Kurdistan Informations-Zentrum
Kaiser-Friedrich-Str. 63
Postfach 12 11 22
10 605 Berlin

Tel: (49) 030-32764023
Fax: (49) 030-32764025
e-mail:KurdistanIZ@aol.com
internet: www.nadir.org/kiz/

 

Berlin, 10. Oktober 2001


Sind die Verfassungsänderungen in der Türkei wirklich ein Fortschritt?

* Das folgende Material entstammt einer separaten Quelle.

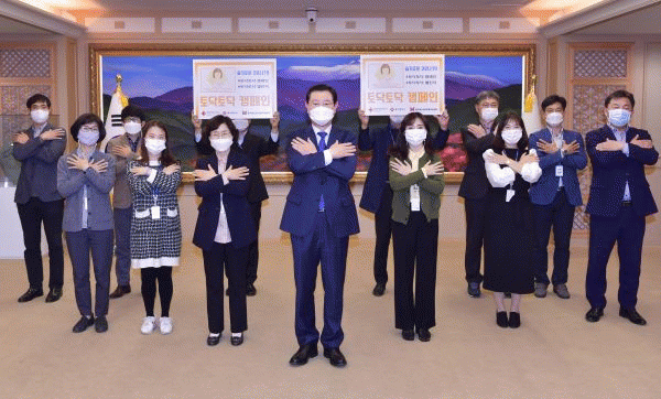 [¹Ìµð¾îÀü³² Á¦°¥´ëÁ¾ ±âÀÚ] À̿뼷 ±¤ÁÖ±¤¿ª½ÃÀåÀº 5ÀÏ ¿ÀÈÄ ½Ãû Á¢°ß½Ç¿¡¼ Á÷¿øµé°ú ÇÔ²² Äڷγªºí·ç ±Øº¹À» À§ÇÑ ¡®Åä´ÚÅä´Ú¡¯ Ä·ÆäÀο¡ µ¿ÂüÇß´Ù. ´ëÇÑÀû½ÊÀڻ翡¼ Àü±¹¹ÎÀ» ´ë»óÀ¸·Î ÆîÄ¡°í ÀÖ´Â ¡®Åä´ÚÅä´Ú¡¯ Ä·ÆäÀÎÀº Äڷγª¡¦
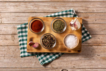 Spices and herbs on wooden background. Food and cuisine ingredients.
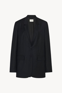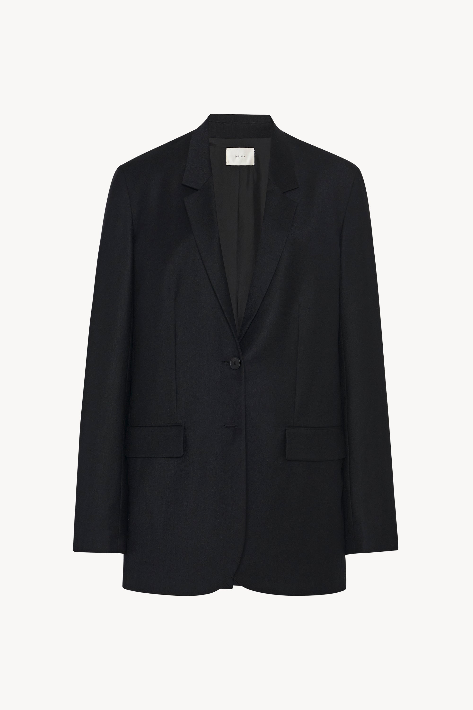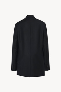 Tailored single-breasted jacket in soft virgin wool flannel with elongated silhouette, front flap pockets and center back vent.More information - - 100% Virgin Wool - - Lined in 100% Silk - - Made in U.S. - - Style: 5883W2107BLK
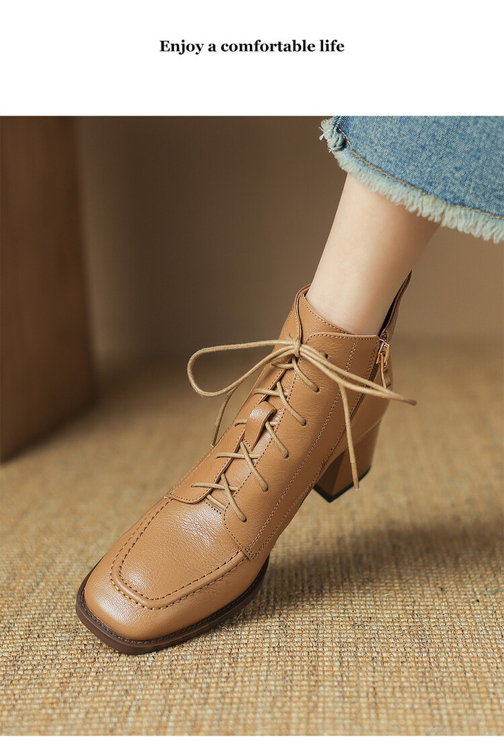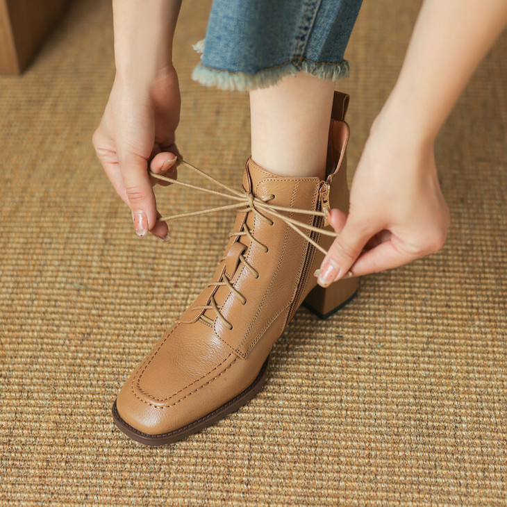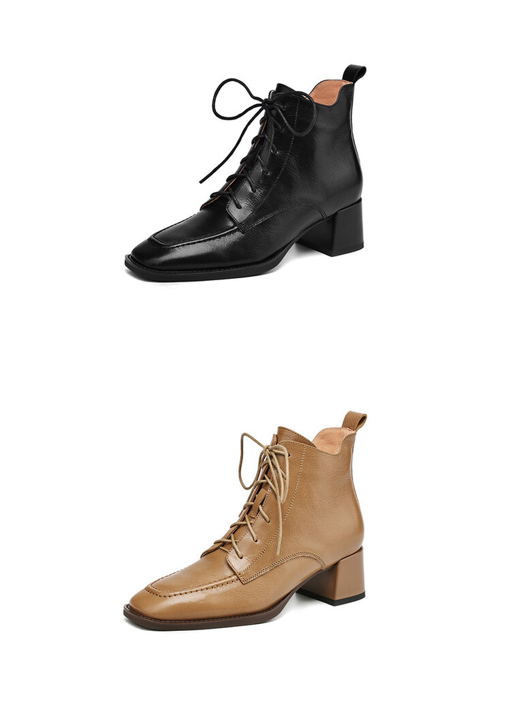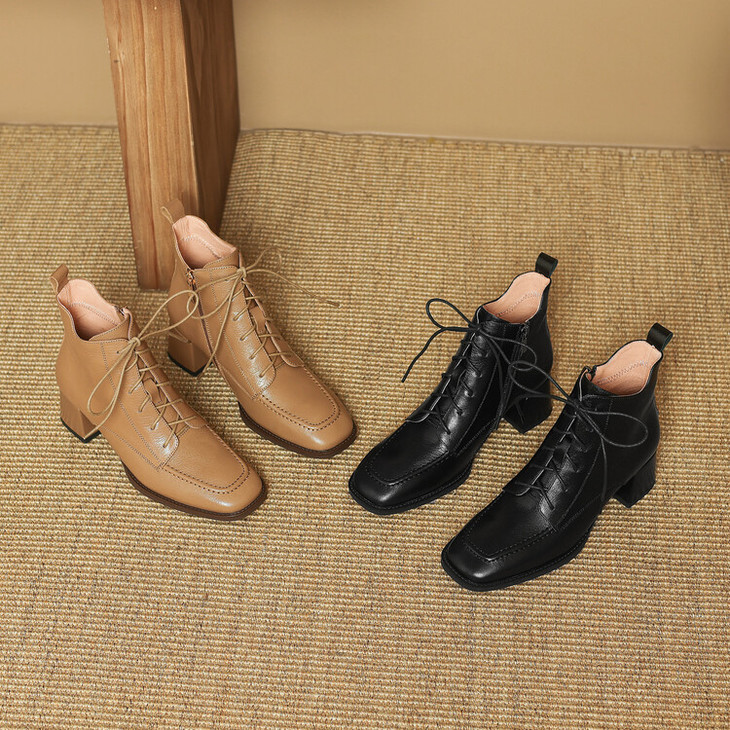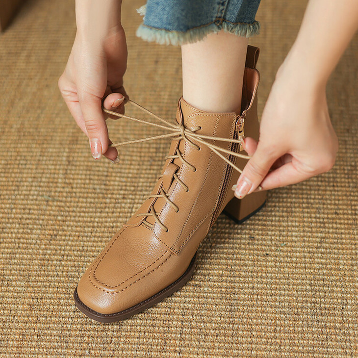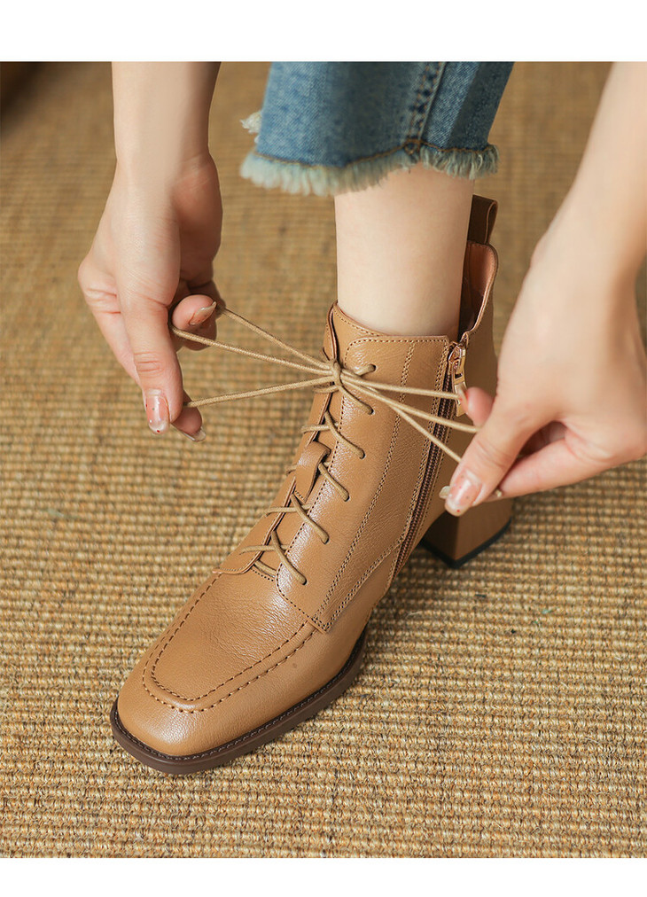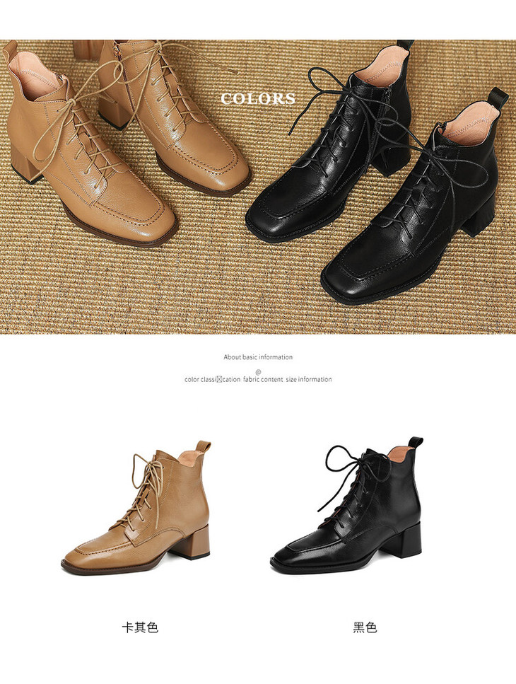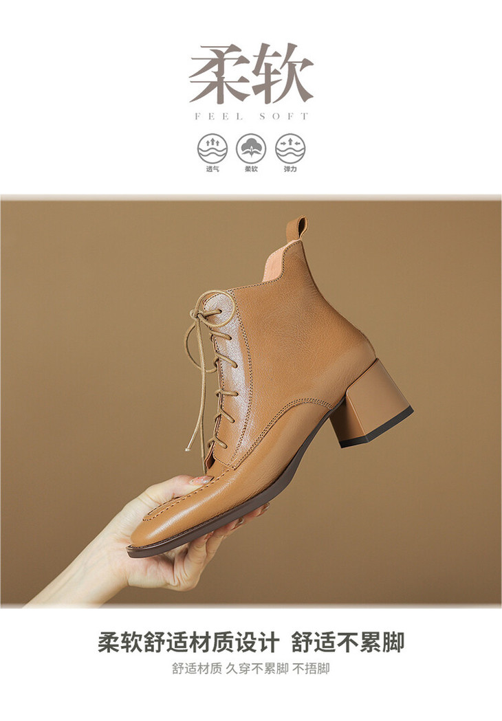 【预售5天】复古真皮系带马丁靴女英伦风短筒方头粗跟黑色卡其色高跟气质短靴女LD&6954
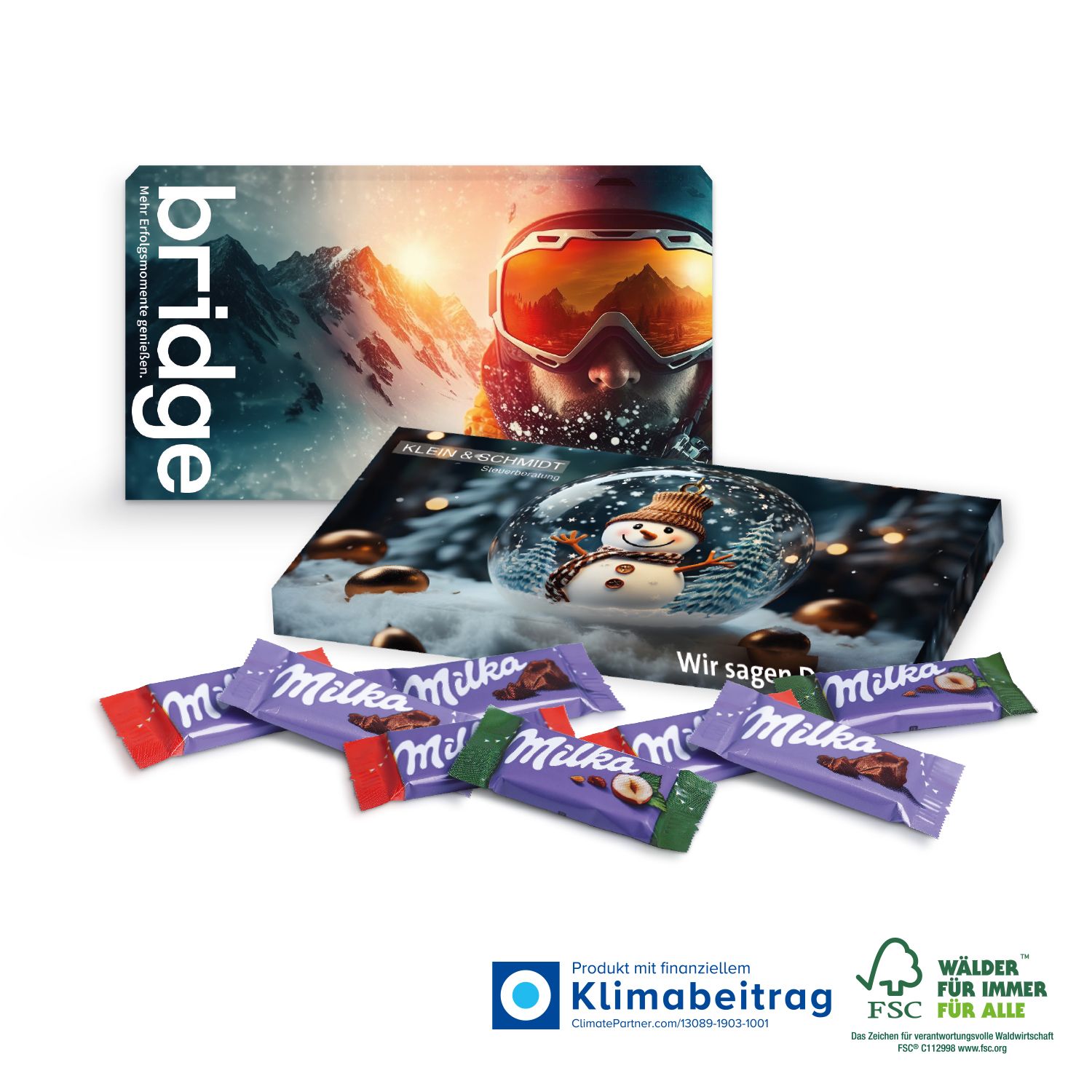 Milka Schokotäfelchen in Präsentbox im Überblick:
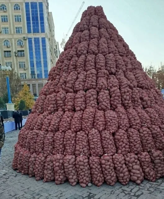 Местные умельцы даже соорудили пирамиду из картофеля.
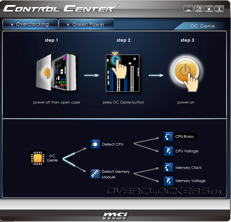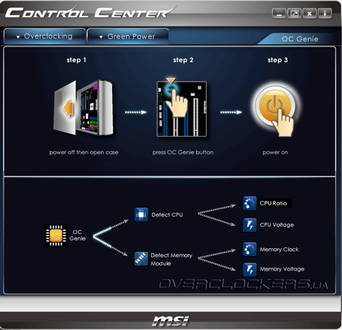 Самое приятное то, что изменение параметров «на лету» действительно работает, а не приводит к зависанию операционной системы. Пользователь может сохранять профили настроек на жестком диске, обмениваться ими с товарищами, что может быть очень удобно. Здесь же находится интерактивное руководство по автоматическому разгону OC Genie, для активации которого необходимо нажать соответствующую кнопке на РСВ и перегрузить систему.
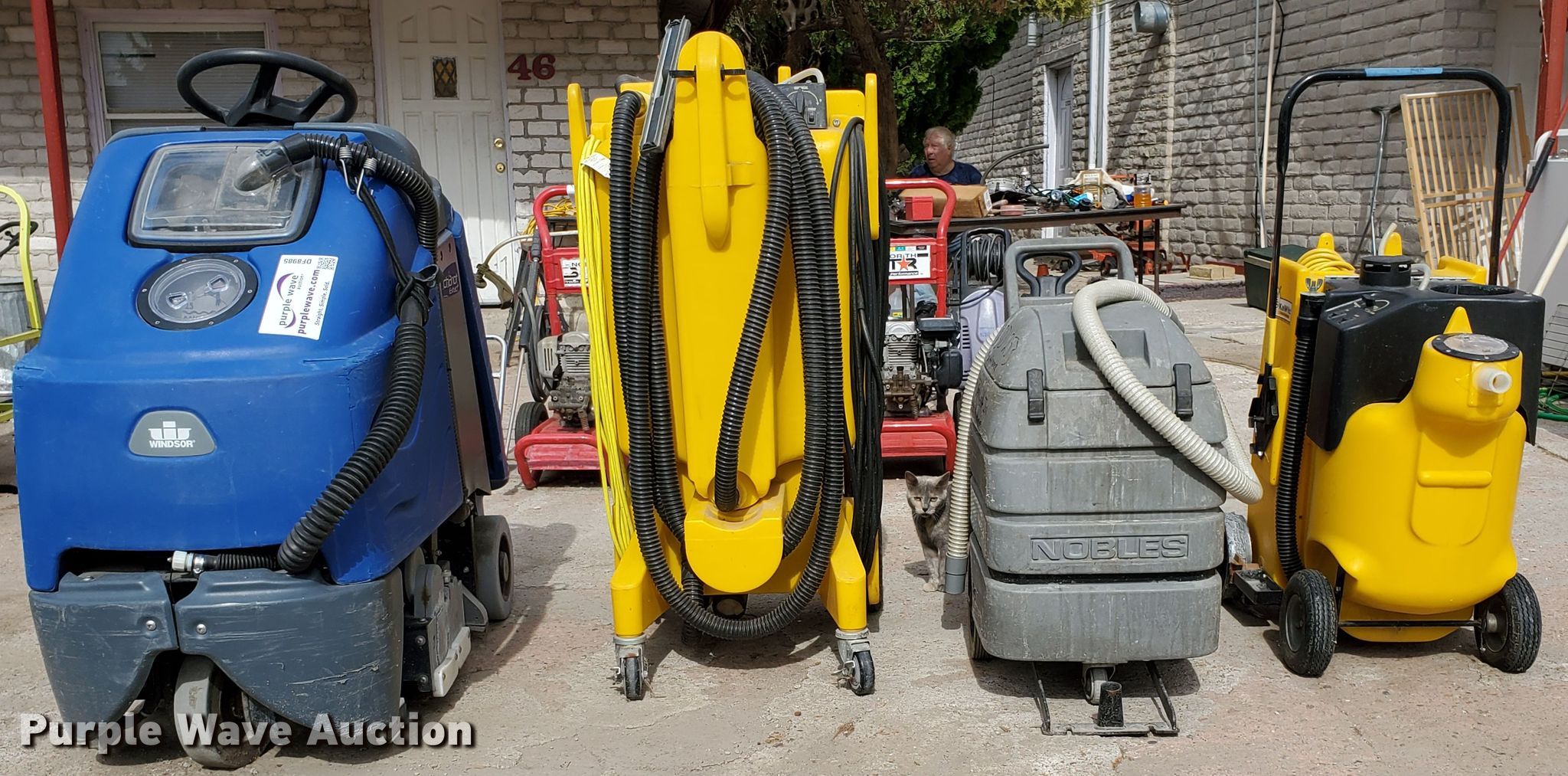 Purple Wave is selling a used All Other Household Items in Kansas. This item is a Floor cleaning equipment with the following: Kaiwhiz no touch cleaning system, Nobles vacuum, Kaivac KV120, Windsor Chariot iextract, Unknown operating condition
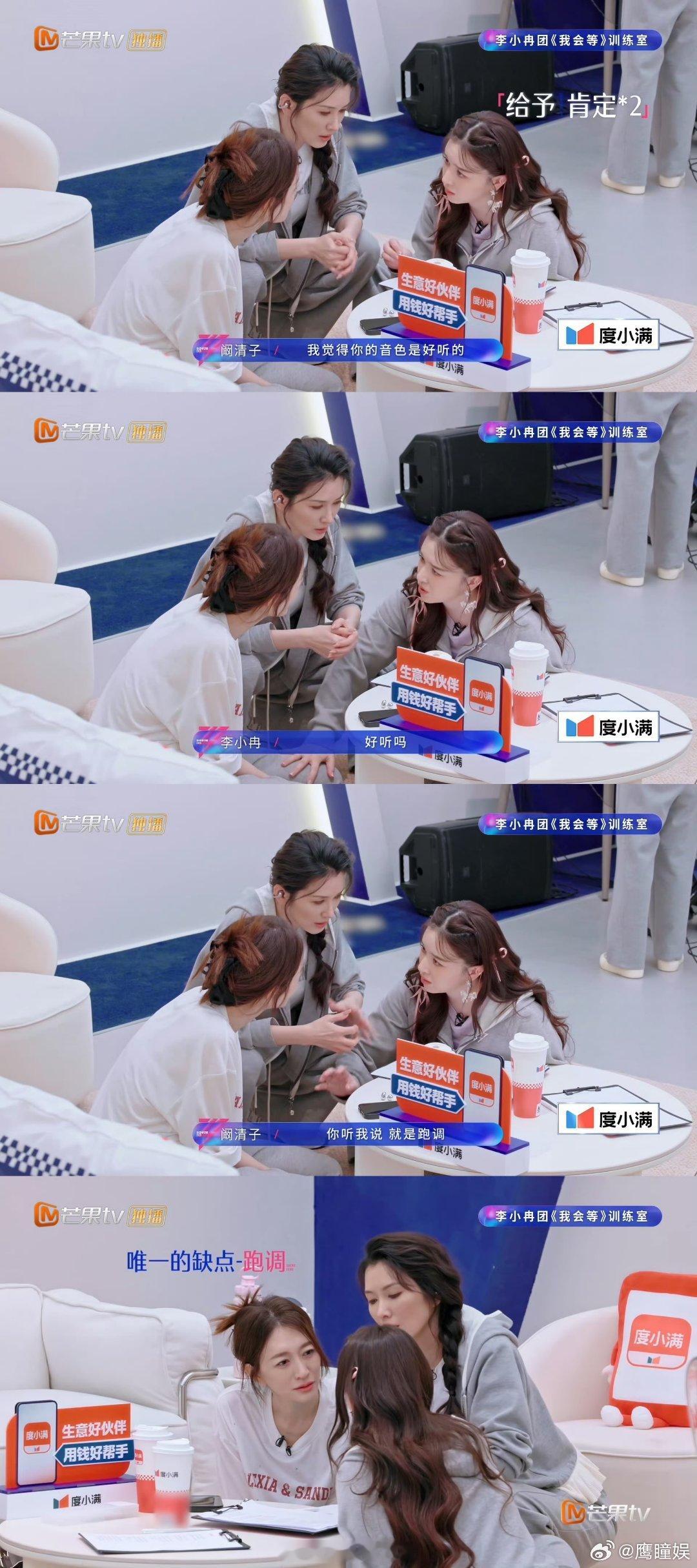 到了二公备战,李小冉才迎来“社死”时刻。她先是困惑地问队友徐洁儿自己唱得如何,得到“转音好听”的委婉评价后,她懵懂追问:“啥叫转音啊?”一旁的阚清子看不下去,直接捅破窗户纸:“你音色好听,就是跑调。”李小冉瞬间顿悟,自嘲道:“我缺心眼呗!平时是不是太高看自己了?”

Interview mit einem HADEP-Vertreter und Hintergrundinformation über die Bedeutung der Gesetzesveränderungen anhand einiger Beispiele

In diesem Monat hat das Türkische Parlament in 34 Artikeln der türkischen Verfassung einige Veränderungen vorgenommen. Sowohl die Türkei als auch die internationalen Institutionen (z.B. Europarat) und die internationalen Medien begrüßten diese Veränderungen lautstark als wichtige Schritte in Richtung Demokratisierung. Doch von vielen demokratischen Kräften und zivilgesellschaftlichen Organisationen in der Türkei werden diese Veränderungen nicht mit solchem Jubel begrüßt, sondern vielmehr als oberflächliche Korrekturen bewertet.

Im Folgenden geben wir ein kurzes Interview mit Kemal Okutan, Mitglied des Parteirates der HADEP, über die jüngsten Verfassungsänderungen in der Türkei wieder. Diesem Interview folgt eine kurzer Einblick in die Bedeutung der o.g. Verfassungsänderungen anhand einiger konkreten Beispiele.

Frage: Wie bewerten Sie die Verfassungsänderungen in der Türkei? Sind diese
Veränderungen tatsächlich wichtige Schritte für die Demokratisierung und zur Lösung der Probleme der Türkei, wie dies von verschiedenen Seiten behauptet wird?

K. O.: Die Teilveränderungen in der türkischen Verfassung entsprechen nicht den Sehnsüchten der Gesellschaft nach einer modernen demokratischen, freiheitlichen und pluralistischen Verfassung. Wenn auch die Veränderungen im Vergleich zu vorher eine gewisse Entwicklung darstellen, beantworten sie nicht die Bedürfnisse der Türkei und entsprechen nicht den sozio-kulturellen Erfordernissen des Landes. Offenbar dienen sie allein dem Ziel, in der Phase der Vorbereitung auf die EU-Mitgliedschaft keinen Bruch sichtbar werden zu lassen. Deshalb wurde auch nicht auf die innere Dynamik der Gesellschaft reagiert. Das Bedürfnis der Türkei sind nicht kleine Teilveränderungen, sondern der Ersatz der Verfassung vom 1982 durch eine vollständig neue Verfassung.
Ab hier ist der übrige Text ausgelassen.